A hacker group claimed responsibility for a February ransomware attack on the City of Oakland and announced its intent to leak hacked data to the public.
Philadelphia cybersecurity analyst Dominic Alvieri said on Twitter Thursday that hacking group Play Ransomware claimed that it was responsible for a ransomware attack launched against the City of Oakland on Feb. 8, which affected several city services for a span of time that month.

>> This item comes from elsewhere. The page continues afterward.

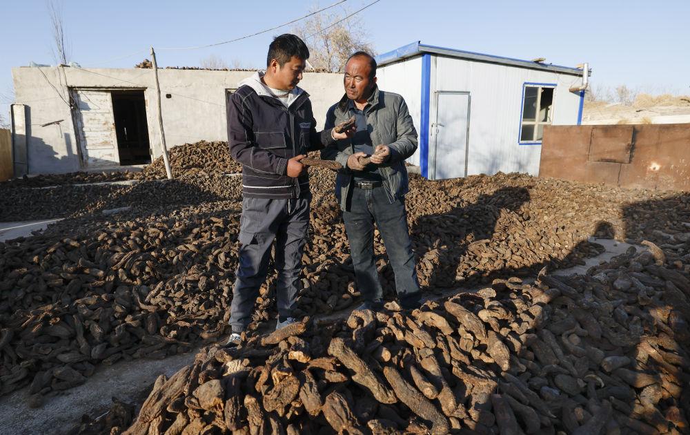 2024年12月4日,新疆民豐縣尼雅鎮(zhèn)甫甫克村村民麥麥提(右)同前來收購大蕓的商戶交流。自20世紀末新疆全面開展防風治沙工程并大力推進沙產(chǎn)業(yè)以來,麥麥提從在合作社挖大蕓賺工錢,到后來主動學習大蕓種植技術(shù)并創(chuàng)業(yè),一路走來小有收獲。2018年,他承包了10畝沙地種紅柳、大蕓。紅柳茁壯成長,大蕓產(chǎn)量頗豐,麥麥提年收入超過5萬元。

Alvieri tweeted a screenshot obtained by cybersecurity news site Bleeping Computer, which showed that the hackers had obtained access to “private and personal confidential data, financial, gov and etc. IDs, passports, employee full info.” The screenshot also said that the data contained information allegedly proving human rights violations.
In a statement on Friday, the City of Oakland said it is aware of an impending data leak, but did not say who obtained the information.
"[The city] recently became aware that an unauthorized third party has acquired certain files from our network and intends to release the information publicly," Oakland said on its news blog Friday. “We are working with third-party specialists and law enforcement on this issue and are actively monitoring the unauthorized third party’s claims to investigate their validity.”
The City of Oakland declared a state of emergency on Feb. 14 to more quickly marshal resources to recover from the attack, which had impacted people's ability to pay parking fees and taxes online or connect by phone with several city departments.
According to cybersecurity firm Avertium, Play Ransomware is a ransomware group that began in June 2022, and has directed attacks against several other high-profile targets, including Argentina’s Judiciary of Córdoba and the German hotel chain, H-Hotels. The group's attacks have focused on targets in Latin America, India, Hungary, Spain and the Netherlands.
Alvieri and the City of Oakland did not immediately respond to requests for comment.